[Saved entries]
______
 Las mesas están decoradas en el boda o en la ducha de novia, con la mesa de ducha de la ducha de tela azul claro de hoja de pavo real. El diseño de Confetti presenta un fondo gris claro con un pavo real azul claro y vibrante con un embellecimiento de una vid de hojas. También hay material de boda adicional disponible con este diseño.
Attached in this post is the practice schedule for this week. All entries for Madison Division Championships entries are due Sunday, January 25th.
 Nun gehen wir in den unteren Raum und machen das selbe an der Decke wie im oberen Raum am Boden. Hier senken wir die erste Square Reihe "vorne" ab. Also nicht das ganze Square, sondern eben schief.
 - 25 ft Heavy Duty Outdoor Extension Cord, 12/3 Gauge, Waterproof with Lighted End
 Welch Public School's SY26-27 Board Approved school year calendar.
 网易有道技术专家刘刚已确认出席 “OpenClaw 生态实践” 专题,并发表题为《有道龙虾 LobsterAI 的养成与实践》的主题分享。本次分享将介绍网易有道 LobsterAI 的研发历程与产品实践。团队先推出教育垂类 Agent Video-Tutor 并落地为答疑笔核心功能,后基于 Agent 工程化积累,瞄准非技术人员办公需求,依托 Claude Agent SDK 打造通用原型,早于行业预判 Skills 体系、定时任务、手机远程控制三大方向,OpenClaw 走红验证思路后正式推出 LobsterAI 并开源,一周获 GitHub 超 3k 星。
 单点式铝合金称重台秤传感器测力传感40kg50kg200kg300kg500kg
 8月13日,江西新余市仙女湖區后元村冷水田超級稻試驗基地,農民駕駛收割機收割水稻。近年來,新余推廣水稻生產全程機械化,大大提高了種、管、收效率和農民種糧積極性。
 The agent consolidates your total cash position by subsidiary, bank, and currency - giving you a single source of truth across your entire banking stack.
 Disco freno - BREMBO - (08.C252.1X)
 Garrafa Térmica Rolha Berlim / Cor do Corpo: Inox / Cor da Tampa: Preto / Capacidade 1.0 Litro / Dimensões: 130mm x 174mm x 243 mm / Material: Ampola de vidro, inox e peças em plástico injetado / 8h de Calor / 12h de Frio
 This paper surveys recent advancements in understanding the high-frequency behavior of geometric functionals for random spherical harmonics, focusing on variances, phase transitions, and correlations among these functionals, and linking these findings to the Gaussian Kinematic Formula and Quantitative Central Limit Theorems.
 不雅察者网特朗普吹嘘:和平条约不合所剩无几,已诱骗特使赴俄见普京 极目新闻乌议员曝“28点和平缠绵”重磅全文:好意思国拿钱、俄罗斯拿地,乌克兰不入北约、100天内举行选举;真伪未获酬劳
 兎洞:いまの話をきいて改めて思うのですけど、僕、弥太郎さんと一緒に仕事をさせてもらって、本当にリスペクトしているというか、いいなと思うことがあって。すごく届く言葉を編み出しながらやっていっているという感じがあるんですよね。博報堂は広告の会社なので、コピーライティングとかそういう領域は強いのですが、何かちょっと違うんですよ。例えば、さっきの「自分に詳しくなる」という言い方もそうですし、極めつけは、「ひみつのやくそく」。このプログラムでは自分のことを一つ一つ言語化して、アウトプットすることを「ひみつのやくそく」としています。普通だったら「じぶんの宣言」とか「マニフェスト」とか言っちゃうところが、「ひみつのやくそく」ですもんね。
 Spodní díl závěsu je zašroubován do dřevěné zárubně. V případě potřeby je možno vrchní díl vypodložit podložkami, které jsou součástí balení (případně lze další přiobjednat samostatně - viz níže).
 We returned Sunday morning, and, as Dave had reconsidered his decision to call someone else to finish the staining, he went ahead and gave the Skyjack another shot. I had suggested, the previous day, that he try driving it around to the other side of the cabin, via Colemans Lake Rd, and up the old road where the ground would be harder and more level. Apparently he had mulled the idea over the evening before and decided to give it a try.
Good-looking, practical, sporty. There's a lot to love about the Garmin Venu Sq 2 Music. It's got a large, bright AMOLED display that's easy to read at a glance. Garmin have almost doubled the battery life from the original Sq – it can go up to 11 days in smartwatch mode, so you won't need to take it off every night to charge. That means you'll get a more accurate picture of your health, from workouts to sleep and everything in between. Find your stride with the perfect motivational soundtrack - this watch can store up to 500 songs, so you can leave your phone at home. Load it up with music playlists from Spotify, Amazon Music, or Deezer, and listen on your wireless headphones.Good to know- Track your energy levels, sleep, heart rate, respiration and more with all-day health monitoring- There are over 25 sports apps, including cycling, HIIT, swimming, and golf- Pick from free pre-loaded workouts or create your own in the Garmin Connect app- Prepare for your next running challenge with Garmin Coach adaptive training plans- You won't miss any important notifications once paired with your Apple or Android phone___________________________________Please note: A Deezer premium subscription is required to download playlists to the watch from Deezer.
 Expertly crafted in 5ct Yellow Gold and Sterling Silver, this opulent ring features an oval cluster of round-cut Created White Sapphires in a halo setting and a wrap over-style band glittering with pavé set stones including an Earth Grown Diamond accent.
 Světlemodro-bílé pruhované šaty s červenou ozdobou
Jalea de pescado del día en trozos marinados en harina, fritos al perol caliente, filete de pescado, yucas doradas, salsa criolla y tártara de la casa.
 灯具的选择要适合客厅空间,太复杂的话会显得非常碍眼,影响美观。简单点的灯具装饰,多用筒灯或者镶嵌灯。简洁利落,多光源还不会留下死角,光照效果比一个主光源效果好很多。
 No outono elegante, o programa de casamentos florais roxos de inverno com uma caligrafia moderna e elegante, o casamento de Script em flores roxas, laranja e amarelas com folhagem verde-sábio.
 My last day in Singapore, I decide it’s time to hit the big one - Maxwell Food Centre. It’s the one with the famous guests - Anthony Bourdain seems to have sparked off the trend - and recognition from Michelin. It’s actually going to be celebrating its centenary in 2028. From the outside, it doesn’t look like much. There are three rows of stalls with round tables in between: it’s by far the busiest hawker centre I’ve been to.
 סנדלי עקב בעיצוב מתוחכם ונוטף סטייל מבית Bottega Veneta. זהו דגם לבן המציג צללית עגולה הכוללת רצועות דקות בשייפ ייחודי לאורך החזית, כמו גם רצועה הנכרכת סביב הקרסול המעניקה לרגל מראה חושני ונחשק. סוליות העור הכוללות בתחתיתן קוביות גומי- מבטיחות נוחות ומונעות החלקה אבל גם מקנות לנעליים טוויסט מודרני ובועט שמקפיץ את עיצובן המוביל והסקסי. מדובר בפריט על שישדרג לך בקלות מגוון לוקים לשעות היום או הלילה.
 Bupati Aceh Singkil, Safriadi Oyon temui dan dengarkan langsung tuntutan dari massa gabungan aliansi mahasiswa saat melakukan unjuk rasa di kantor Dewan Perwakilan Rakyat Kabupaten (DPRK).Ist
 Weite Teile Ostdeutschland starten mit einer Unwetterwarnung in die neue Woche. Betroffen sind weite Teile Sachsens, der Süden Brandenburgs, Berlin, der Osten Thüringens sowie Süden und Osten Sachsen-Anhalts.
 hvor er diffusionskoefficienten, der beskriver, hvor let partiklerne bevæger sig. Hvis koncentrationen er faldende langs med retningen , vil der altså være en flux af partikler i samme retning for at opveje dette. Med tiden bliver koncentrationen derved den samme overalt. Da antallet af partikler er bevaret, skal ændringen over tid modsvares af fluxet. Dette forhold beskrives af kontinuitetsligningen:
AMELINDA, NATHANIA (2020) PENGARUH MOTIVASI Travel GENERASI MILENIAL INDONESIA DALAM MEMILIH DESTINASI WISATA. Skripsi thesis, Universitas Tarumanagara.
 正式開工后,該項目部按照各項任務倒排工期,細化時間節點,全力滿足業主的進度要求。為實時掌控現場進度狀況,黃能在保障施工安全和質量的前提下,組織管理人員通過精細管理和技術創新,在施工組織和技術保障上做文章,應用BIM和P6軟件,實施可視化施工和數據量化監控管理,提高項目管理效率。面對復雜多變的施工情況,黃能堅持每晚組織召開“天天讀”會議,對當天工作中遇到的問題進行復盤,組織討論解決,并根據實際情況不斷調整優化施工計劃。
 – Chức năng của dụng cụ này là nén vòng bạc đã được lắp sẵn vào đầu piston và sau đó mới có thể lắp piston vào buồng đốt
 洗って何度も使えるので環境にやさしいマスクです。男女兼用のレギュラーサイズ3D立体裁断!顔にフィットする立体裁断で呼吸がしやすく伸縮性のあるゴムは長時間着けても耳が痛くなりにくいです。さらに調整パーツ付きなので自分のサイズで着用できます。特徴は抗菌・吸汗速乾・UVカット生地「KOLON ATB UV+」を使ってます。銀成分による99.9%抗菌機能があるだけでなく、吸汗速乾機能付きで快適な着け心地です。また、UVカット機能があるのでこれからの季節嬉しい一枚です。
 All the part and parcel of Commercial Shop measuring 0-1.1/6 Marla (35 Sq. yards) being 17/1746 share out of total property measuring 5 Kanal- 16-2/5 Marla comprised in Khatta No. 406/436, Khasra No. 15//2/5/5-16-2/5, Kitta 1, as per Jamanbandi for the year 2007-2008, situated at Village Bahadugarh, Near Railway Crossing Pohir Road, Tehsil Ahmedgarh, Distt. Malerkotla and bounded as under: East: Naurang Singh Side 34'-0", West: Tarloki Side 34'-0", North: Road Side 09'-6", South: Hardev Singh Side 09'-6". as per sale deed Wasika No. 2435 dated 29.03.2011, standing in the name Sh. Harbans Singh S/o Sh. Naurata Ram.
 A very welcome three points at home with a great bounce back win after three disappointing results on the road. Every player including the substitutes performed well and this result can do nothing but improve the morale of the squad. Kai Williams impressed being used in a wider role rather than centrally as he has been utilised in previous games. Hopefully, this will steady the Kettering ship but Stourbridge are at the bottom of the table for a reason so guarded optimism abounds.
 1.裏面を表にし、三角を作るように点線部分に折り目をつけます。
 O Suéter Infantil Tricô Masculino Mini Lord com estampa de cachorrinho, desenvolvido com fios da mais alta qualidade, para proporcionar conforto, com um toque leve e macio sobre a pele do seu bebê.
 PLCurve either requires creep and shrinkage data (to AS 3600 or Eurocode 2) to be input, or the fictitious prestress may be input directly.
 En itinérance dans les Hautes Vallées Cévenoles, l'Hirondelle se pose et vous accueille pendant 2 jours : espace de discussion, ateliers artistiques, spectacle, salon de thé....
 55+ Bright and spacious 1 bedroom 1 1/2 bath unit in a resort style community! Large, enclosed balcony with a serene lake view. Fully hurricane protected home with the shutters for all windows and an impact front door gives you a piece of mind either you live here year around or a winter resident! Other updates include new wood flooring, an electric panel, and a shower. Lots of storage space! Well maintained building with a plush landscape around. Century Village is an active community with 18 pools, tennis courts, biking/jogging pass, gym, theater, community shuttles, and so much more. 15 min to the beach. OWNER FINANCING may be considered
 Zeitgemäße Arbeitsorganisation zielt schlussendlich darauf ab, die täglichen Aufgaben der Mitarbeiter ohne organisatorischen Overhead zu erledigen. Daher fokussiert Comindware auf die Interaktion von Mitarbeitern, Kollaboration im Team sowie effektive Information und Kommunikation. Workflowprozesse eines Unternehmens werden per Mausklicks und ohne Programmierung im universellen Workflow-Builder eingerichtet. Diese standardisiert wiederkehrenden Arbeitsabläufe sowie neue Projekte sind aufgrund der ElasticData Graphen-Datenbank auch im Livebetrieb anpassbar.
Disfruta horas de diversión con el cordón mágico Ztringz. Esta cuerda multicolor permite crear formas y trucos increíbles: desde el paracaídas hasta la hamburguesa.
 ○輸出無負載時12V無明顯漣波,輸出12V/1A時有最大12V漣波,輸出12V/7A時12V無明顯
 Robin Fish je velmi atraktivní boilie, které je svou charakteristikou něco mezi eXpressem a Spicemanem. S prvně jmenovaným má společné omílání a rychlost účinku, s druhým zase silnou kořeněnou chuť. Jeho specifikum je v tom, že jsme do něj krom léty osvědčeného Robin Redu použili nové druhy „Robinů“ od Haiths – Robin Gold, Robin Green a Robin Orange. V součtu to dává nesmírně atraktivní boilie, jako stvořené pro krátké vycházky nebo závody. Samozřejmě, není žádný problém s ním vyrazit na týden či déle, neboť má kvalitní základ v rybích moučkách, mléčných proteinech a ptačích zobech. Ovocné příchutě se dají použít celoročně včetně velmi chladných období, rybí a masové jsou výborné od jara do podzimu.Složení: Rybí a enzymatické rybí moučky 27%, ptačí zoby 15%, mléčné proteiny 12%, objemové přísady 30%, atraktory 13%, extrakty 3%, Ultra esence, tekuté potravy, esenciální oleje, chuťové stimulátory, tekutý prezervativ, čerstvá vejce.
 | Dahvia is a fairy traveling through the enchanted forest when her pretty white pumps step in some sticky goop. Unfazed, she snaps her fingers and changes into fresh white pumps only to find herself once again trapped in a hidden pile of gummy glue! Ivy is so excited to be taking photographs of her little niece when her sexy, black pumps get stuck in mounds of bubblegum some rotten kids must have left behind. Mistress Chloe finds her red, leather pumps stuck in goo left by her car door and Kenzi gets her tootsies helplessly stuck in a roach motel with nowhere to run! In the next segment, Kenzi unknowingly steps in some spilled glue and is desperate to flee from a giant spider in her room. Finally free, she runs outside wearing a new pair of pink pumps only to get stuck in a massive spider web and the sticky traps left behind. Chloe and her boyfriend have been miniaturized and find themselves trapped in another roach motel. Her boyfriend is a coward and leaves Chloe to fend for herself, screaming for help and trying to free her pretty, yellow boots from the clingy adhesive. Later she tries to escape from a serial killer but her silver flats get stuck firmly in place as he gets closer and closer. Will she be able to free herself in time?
______
[Work instruction]:
Every line above that has the string "neue" needs to be copied.

[Solution to this exercise]:
 Weite Teile Ostdeutschland starten mit einer Unwetterwarnung in die neue Woche. Betroffen sind weite Teile Sachsens, der Süden Brandenburgs, Berlin, der Osten Thüringens sowie Süden und Osten Sachsen-Anhalts.
 Zeitgemäße Arbeitsorganisation zielt schlussendlich darauf ab, die täglichen Aufgaben der Mitarbeiter ohne organisatorischen Overhead zu erledigen. Daher fokussiert Comindware auf die Interaktion von Mitarbeitern, Kollaboration im Team sowie effektive Information und Kommunikation. Workflowprozesse eines Unternehmens werden per Mausklicks und ohne Programmierung im universellen Workflow-Builder eingerichtet. Diese standardisiert wiederkehrenden Arbeitsabläufe sowie neue Projekte sind aufgrund der ElasticData Graphen-Datenbank auch im Livebetrieb anpassbar.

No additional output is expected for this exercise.